I spent 12 hours on a bed in a cubicle in A&E waiting for a bed on a ward, I was in screaming agony but luckily given pain relief.
No wonder the A&E wait is so long if beds are taken up for 12 hrs

Mynewnameis · 19/06/2024 09:46

I had flashbacks for a long time from my experience in a&e. I had appendicitis and there were no beds so I was stuck there 36 hours. I was being treated and on a drip but in a chair.

onanotherday · 19/06/2024 09:49

Neurodiversitydoctor · 19/06/2024 06:47

You all know what to do on the 4th of July ......

Yep!!

Interested in this thread?

Then you might like threads about this subject:

Abitorangelooking · 19/06/2024 09:51

PCcrisps · 19/06/2024 09:40

Why did the GP think A&E was the appropriate place to get pain relief?

The Gp wants them to be checked over. It’s unusual to give people certain medications to keep at home and self medicate without medical supervision. That said gps do, do it. I’m very rural so over the years there has been a bottle of liquid morphine in the cupboard for pain relief. Steroids for a croup prone child. Technically not to be taken without medical supervision so if necessary we’d call 111 and discuss with them/ the doctor and follow up with Gp asap.

PCcrisps · 19/06/2024 09:51

I can't accept there's nothing that can be done/no one else would do it better. There is just so much waste and inefficiency in the system. That may not be the whole issue, but it must be possible to improve things by dealing with that.

MotherOfGodWeeFella · 19/06/2024 09:58

@Wishingitwaswinter - you don't appear to have any medical backing for what you are saying. I am not an idiot, I know those with more serious medical complaints get seen first. I still have some pain. I was told to go to A&E after speaking too 111 who had a triage nurse from the urgent treatment centre (i.e. the hospital) ring me back.

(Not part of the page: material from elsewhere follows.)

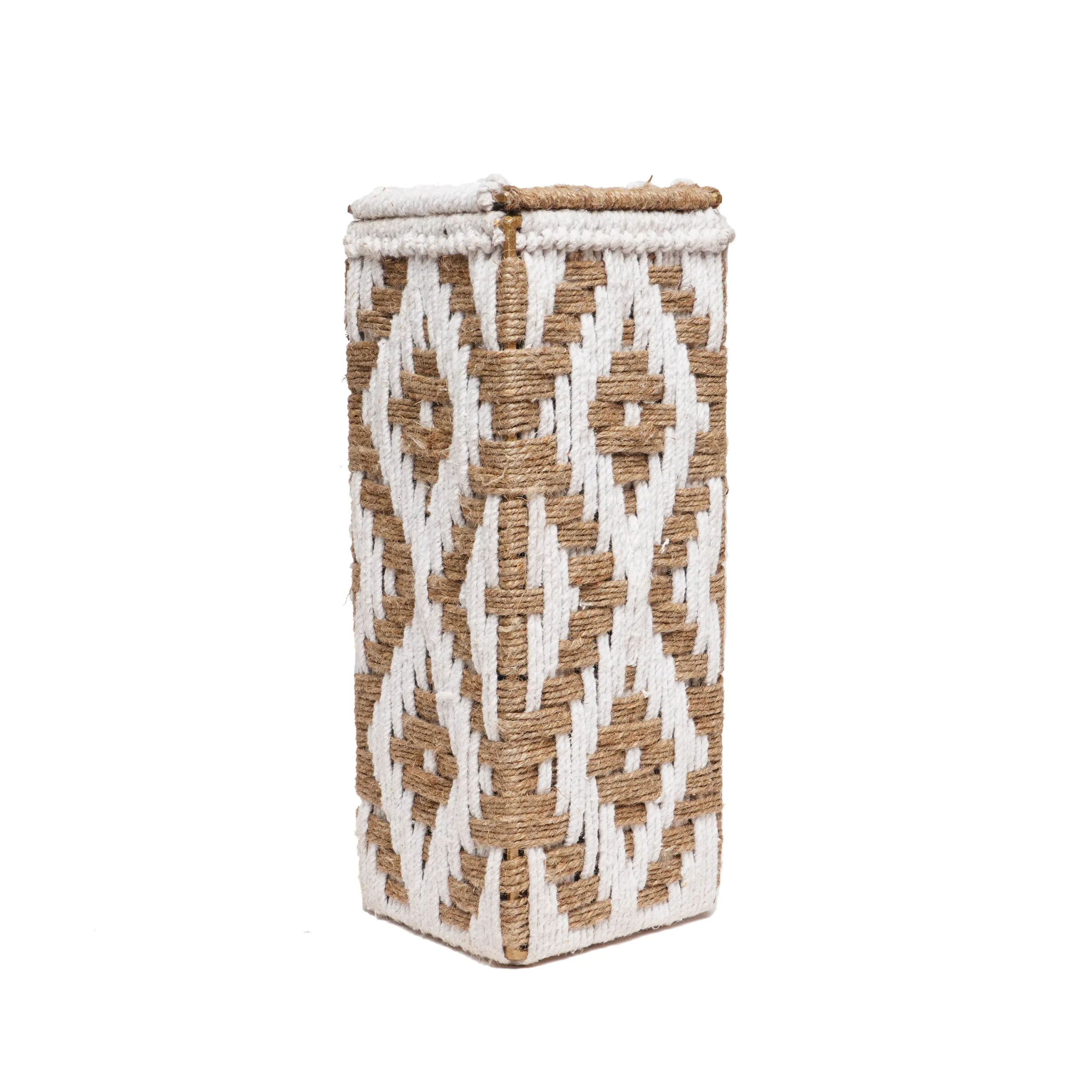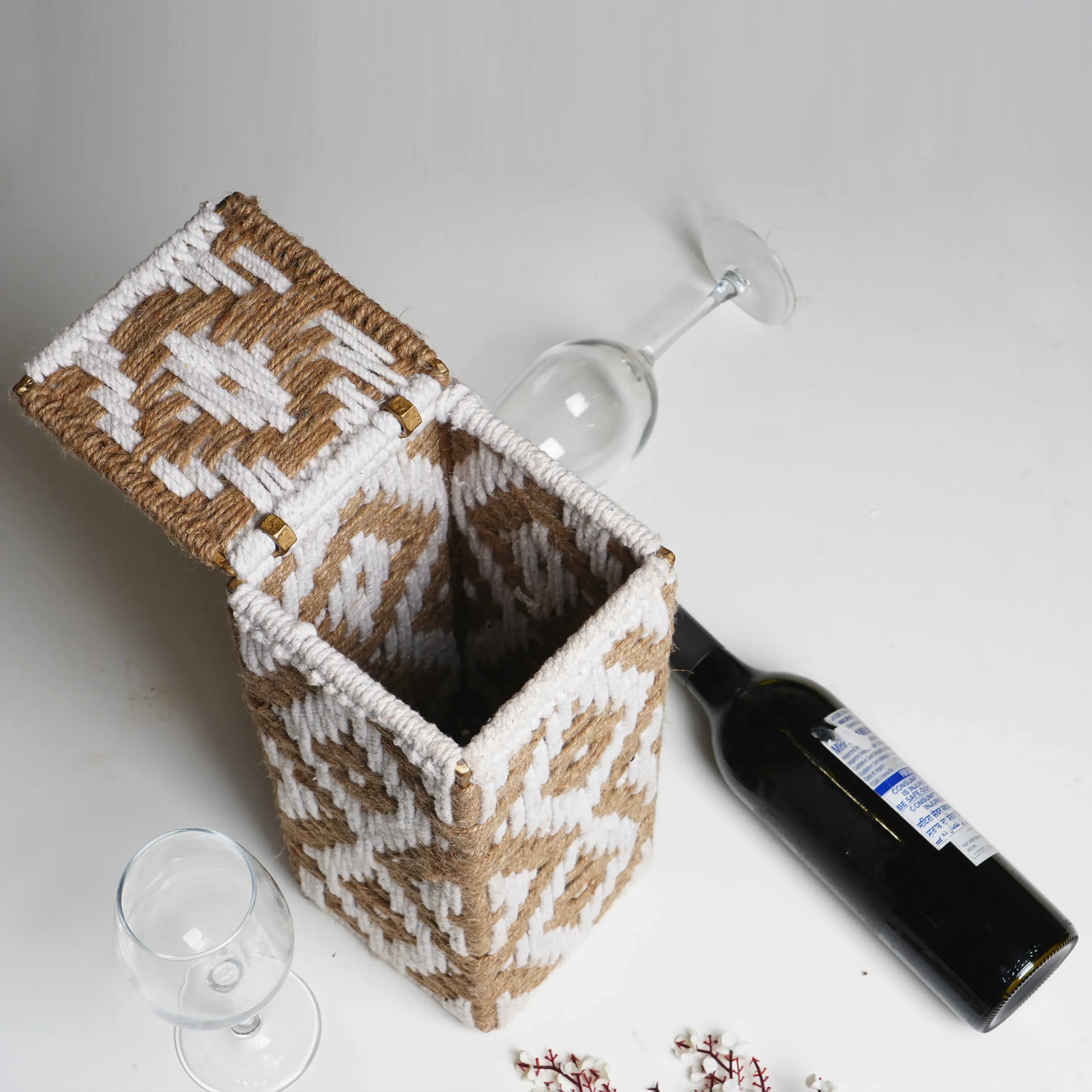 An elegant handwoven wine box crafted with a durable iron frame and fawn muni-cotton rope weave. Designed for mindful gifting or display, it brings warmth and artisanal charm to any table or bar. Curated by Shivom Bliss to celebrate India’s handmade heritage and sustainable craftsmanship.

@PCcrisps presumably because it was believed the poster's situation could worsen and the GP surgery wasn't the place to administer the pain relief needed?

OP posts:
Strawberryhero · 19/06/2024 09:58

PCcrisps · 19/06/2024 09:40

Why did the GP think A&E was the appropriate place to get pain relief?

The GP wanted me to go to A&E to investigate the cause of the pain - when I was admitted I had a blocked bile duct and infection. My GP didn’t want me to just mask the pain incase I needed antibiotics or a stone removing from my duct.

runningonberocca · 19/06/2024 10:03

impossiblesituations · 19/06/2024 08:24

@runningonberocca Why are we not allowed to speak the truth? Do you not think an increased population and poor lifestyle choices affect the ability to offer a good service when you have limited resources?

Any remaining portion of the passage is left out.